Now, for the things that I don’t like or feel “meh” about:

The super private alert system. I think this is an area that should fall under “give us the ability and let us choose”. Personally, if I am being alerted of being high or low, I want to know what that alert number is WHEN I’m alerted, and not have to fumble with unlocking my phone first then opening the app. I want it to be an option that I can CHOOSE to turn on or off to see in that alert either “High Glucose Alert” or “High Glucose Alert – ###mg/dL”, and give us the option to open the app or dismiss the alert… which leads me to….

AW Alert

FOR HEAVEN’S SAKE PLEASE ALLOW US TO *ACTUALLY* DISMISS THE ALERT FROM WEARABLES OR EVEN THE LOCK SCREEN WITHOUT OPENING THE APP! This is my biggest pet peeve. If the above issue is solved where I choose to see my BG number and arrow within the alert, then also actually let me dismiss the alert when notified without having to open the app. I like the alert that comes up when you open the app, but it’s sort of pointless to me because I’m opening the app BECAUSE I’ve been notified, and I’m sure I’ll see the number once it’s open – no need to show a splash screen of sorts with it on there. I needed that BEFORE opening the app.

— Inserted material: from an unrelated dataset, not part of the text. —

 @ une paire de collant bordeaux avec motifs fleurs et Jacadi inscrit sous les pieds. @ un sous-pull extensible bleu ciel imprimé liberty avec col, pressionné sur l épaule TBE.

And along that same line – if I dismiss the alert from my watch, I shouldn’t still be notified every few minutes still from my phone. Especially since I’m required to have both the G5 mobile app and the Follow app to see it on my watch, and getting multiple alerts bugs the heck out of me. I get that the goal is to be sure to check the actual device for stale data, etc, but one would probably be keen to check if their BG remained static for hours on end. Heck, even instead of “dismiss”, let it be a “snooze” where you aren’t alerted seemingly every minute until you dismiss the actual alert. I would rather be able to “snooze” the alert for 10-20 minutes if needed rather than having that useless “Dismiss” option.

Follwing Friends

Overall, I like the Dexcom G5. I think it’s a big improvement, but I also think it’s a big step back. The jist of it is – let us *actually* dismiss from wearables, give us a separate app for those wearables for G5 (NOT the follow app for those of us who use it for ourselves and to follow others [which doesn’t sound creepy at alllll, right?]) (update: I hear there is a G5 mobile app for the Apple Watch in development, it just wasn’t ready when the G5 was approved by the FDA), and for all things mobile – LET US CHOOSE if our BG alert actually shows the BG or not.

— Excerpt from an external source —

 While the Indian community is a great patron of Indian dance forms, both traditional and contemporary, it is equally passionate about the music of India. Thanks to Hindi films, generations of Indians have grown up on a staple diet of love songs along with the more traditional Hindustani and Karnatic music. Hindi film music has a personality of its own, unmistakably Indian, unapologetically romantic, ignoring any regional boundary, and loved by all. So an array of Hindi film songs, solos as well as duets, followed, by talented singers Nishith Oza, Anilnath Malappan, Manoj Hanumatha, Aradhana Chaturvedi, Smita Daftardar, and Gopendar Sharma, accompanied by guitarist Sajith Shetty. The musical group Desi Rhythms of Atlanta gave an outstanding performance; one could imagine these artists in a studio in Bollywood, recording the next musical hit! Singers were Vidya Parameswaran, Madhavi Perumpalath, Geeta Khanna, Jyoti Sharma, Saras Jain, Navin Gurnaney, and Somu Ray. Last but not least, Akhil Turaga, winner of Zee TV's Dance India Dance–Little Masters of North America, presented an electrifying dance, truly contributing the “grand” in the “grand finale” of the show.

I’m hoping to find a work-around until the G5 Mobile app comes to the Apple Watch since I have to use Follow currently. Possibly using only the alerts through the Follow app and turning off G5 Mobile alerts and simply using the G5 Mobile app as the loader? HHmm. I need some thought time on that one.

Check back later for an update! I’ll soon have my G5 receiver (I chose not to update my G4 one to use as a spare for the G4 transmitter), and I’m sure I’ll have some comments about that when I get it!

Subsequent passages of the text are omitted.